------ SOURCE RECORDS
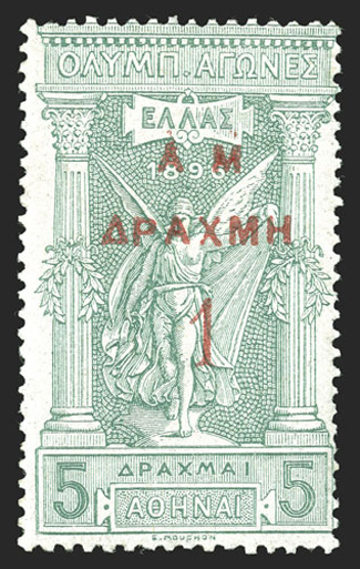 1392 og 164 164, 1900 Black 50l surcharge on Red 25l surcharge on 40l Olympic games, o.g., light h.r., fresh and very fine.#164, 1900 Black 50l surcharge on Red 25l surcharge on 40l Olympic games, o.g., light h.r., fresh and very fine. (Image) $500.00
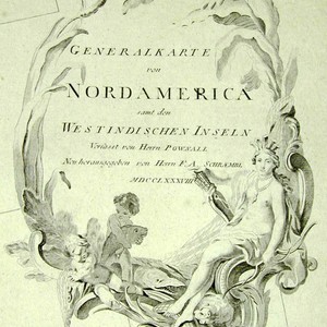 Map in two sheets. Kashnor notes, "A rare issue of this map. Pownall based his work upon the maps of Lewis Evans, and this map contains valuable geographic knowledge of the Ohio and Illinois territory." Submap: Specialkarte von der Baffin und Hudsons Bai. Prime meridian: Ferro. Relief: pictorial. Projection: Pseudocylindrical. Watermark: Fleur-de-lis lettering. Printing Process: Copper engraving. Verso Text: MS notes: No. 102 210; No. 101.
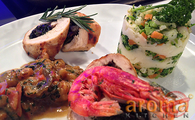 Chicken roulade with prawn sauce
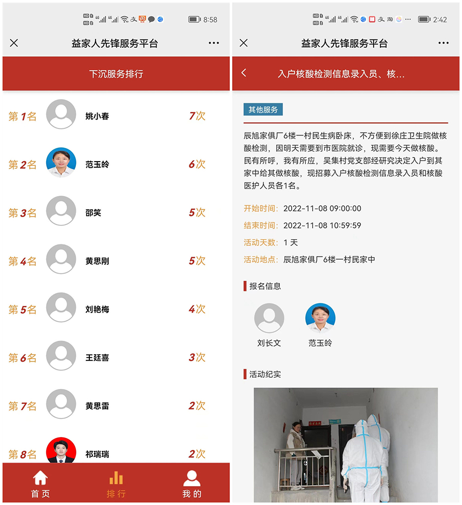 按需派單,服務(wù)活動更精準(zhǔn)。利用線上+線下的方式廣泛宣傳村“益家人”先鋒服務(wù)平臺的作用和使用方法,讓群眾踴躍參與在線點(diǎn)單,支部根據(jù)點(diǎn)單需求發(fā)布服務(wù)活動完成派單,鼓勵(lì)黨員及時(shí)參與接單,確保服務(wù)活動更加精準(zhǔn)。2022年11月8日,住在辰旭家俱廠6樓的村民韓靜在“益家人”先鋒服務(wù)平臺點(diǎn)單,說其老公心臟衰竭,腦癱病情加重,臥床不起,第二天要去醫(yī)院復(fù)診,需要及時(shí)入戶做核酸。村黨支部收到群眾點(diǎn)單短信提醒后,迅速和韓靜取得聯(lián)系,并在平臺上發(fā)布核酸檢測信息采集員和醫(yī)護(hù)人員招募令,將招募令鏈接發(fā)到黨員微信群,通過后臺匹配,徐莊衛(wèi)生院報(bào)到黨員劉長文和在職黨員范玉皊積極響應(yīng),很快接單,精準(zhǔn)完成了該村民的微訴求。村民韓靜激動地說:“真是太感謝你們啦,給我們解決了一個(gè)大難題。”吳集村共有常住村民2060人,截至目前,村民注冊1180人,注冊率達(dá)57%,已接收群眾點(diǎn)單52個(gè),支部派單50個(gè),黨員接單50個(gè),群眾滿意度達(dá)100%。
------------
------ SOURCE RECORDS
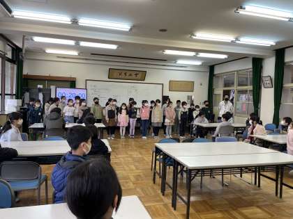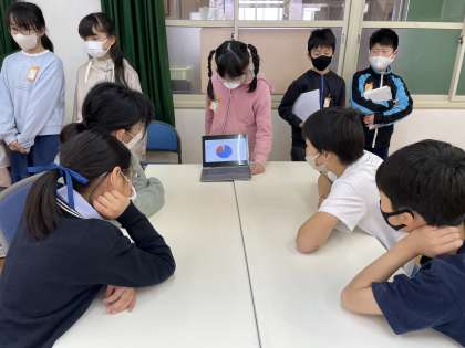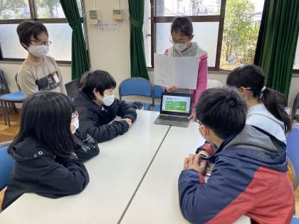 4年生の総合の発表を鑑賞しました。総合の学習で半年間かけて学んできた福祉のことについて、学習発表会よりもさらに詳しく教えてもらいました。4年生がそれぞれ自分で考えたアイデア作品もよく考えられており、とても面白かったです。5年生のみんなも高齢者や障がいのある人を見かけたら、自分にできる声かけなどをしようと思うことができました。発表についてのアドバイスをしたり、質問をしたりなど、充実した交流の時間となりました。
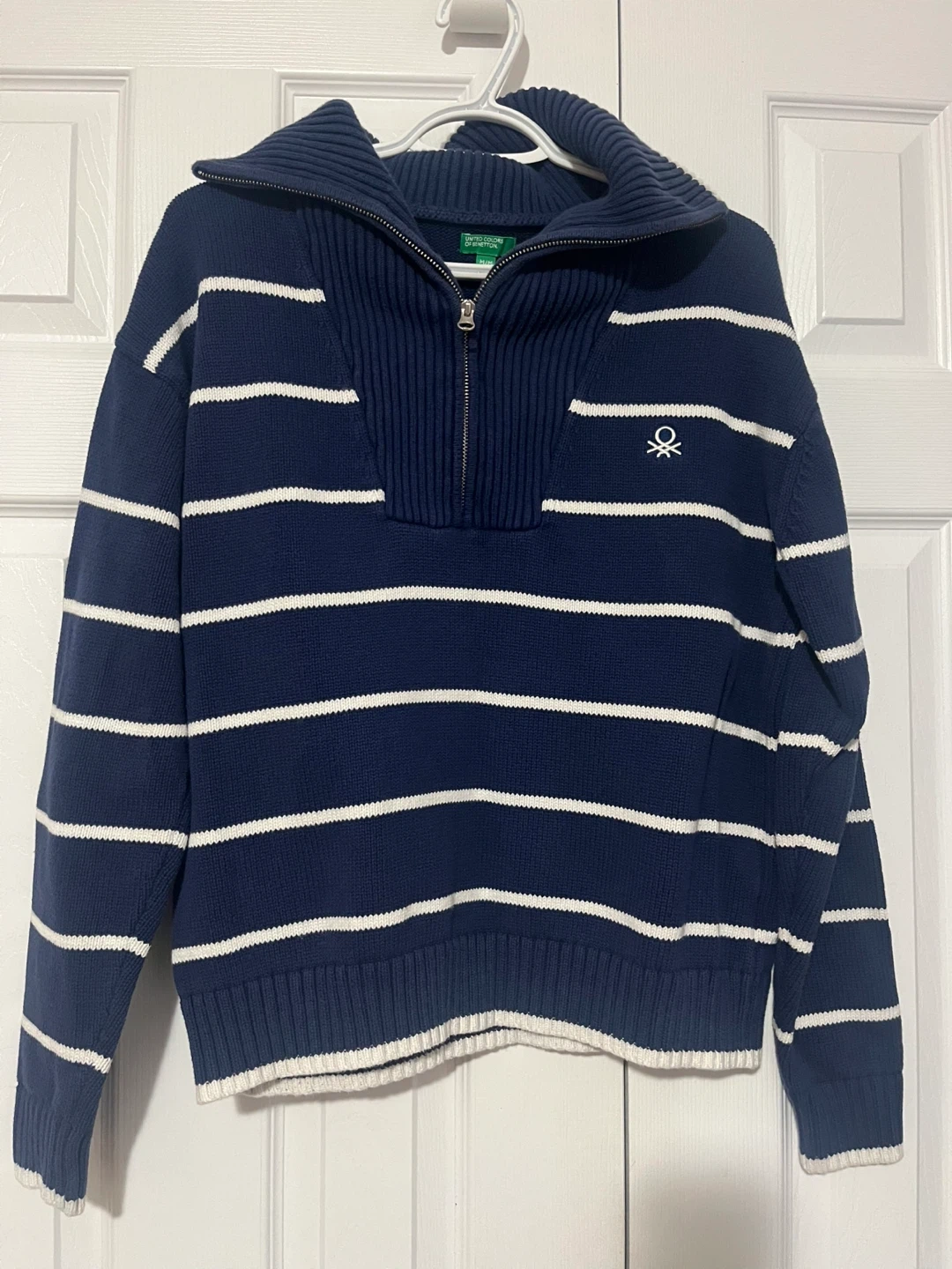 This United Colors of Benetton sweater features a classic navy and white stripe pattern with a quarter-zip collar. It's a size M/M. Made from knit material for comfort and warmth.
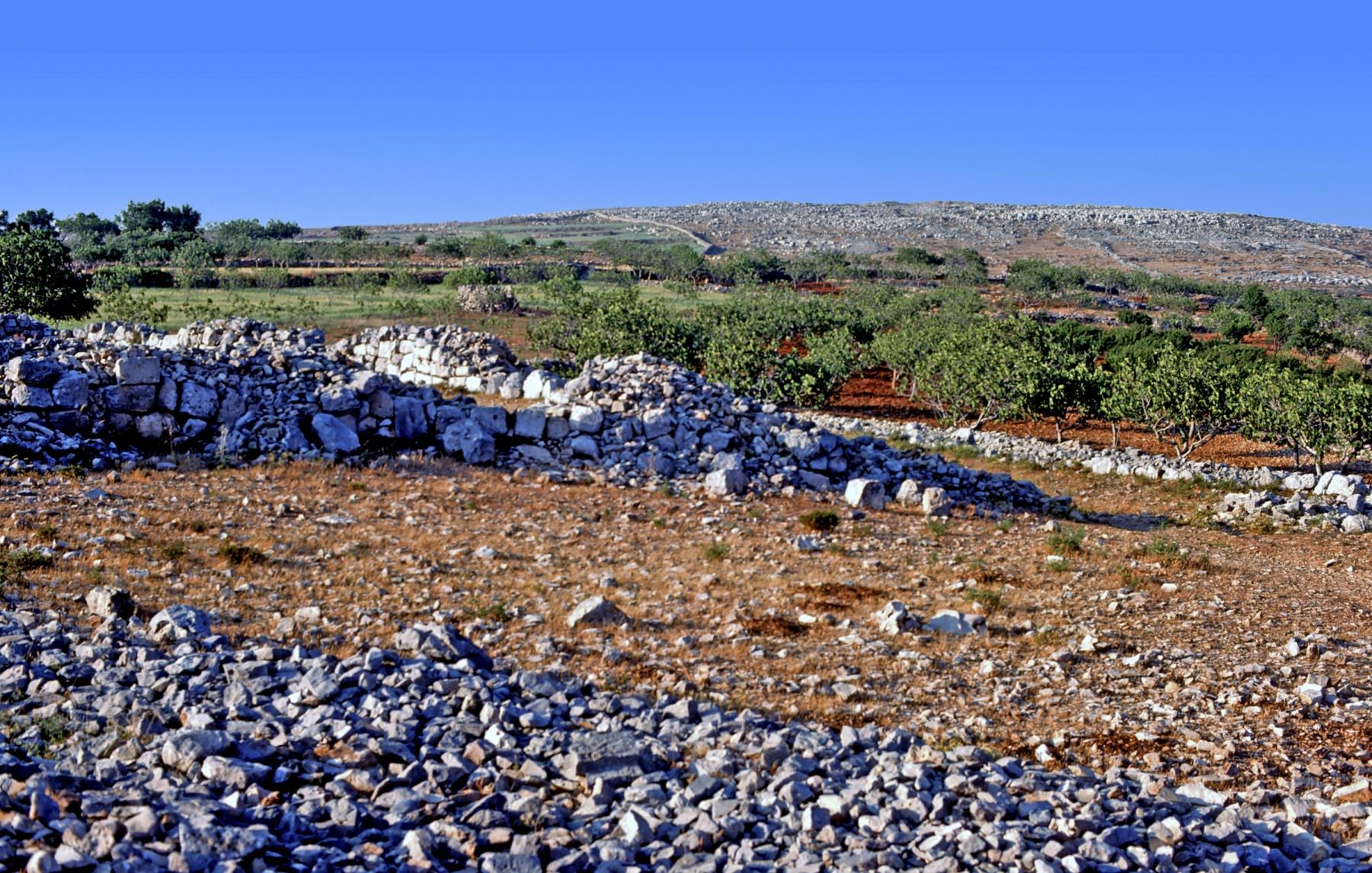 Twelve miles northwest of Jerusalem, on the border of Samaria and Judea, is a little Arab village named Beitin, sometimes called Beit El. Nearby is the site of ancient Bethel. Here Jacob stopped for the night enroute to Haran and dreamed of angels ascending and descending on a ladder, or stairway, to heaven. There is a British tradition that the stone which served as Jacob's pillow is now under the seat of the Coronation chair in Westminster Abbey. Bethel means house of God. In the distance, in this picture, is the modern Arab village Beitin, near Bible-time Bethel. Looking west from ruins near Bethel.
------------
**WHAT NEEDS TO BE DONE**
Give the lines above again exactly, from the one containing "1392 og 164" to the one containing "按需派單,服務(wù)活動更", both included, but leave out the pictures.

**REPLY**
 1392 og 164 164, 1900 Black 50l surcharge on Red 25l surcharge on 40l Olympic games, o.g., light h.r., fresh and very fine.#164, 1900 Black 50l surcharge on Red 25l surcharge on 40l Olympic games, o.g., light h.r., fresh and very fine. (Image) $500.00
 Map in two sheets. Kashnor notes, "A rare issue of this map. Pownall based his work upon the maps of Lewis Evans, and this map contains valuable geographic knowledge of the Ohio and Illinois territory." Submap: Specialkarte von der Baffin und Hudsons Bai. Prime meridian: Ferro. Relief: pictorial. Projection: Pseudocylindrical. Watermark: Fleur-de-lis lettering. Printing Process: Copper engraving. Verso Text: MS notes: No. 102 210; No. 101.
 Chicken roulade with prawn sauce
 按需派單,服務(wù)活動更精準(zhǔn)。利用線上+線下的方式廣泛宣傳村“益家人”先鋒服務(wù)平臺的作用和使用方法,讓群眾踴躍參與在線點(diǎn)單,支部根據(jù)點(diǎn)單需求發(fā)布服務(wù)活動完成派單,鼓勵(lì)黨員及時(shí)參與接單,確保服務(wù)活動更加精準(zhǔn)。2022年11月8日,住在辰旭家俱廠6樓的村民韓靜在“益家人”先鋒服務(wù)平臺點(diǎn)單,說其老公心臟衰竭,腦癱病情加重,臥床不起,第二天要去醫(yī)院復(fù)診,需要及時(shí)入戶做核酸。村黨支部收到群眾點(diǎn)單短信提醒后,迅速和韓靜取得聯(lián)系,并在平臺上發(fā)布核酸檢測信息采集員和醫(yī)護(hù)人員招募令,將招募令鏈接發(fā)到黨員微信群,通過后臺匹配,徐莊衛(wèi)生院報(bào)到黨員劉長文和在職黨員范玉皊積極響應(yīng),很快接單,精準(zhǔn)完成了該村民的微訴求。村民韓靜激動地說:“真是太感謝你們啦,給我們解決了一個(gè)大難題。”吳集村共有常住村民2060人,截至目前,村民注冊1180人,注冊率達(dá)57%,已接收群眾點(diǎn)單52個(gè),支部派單50個(gè),黨員接單50個(gè),群眾滿意度達(dá)100%。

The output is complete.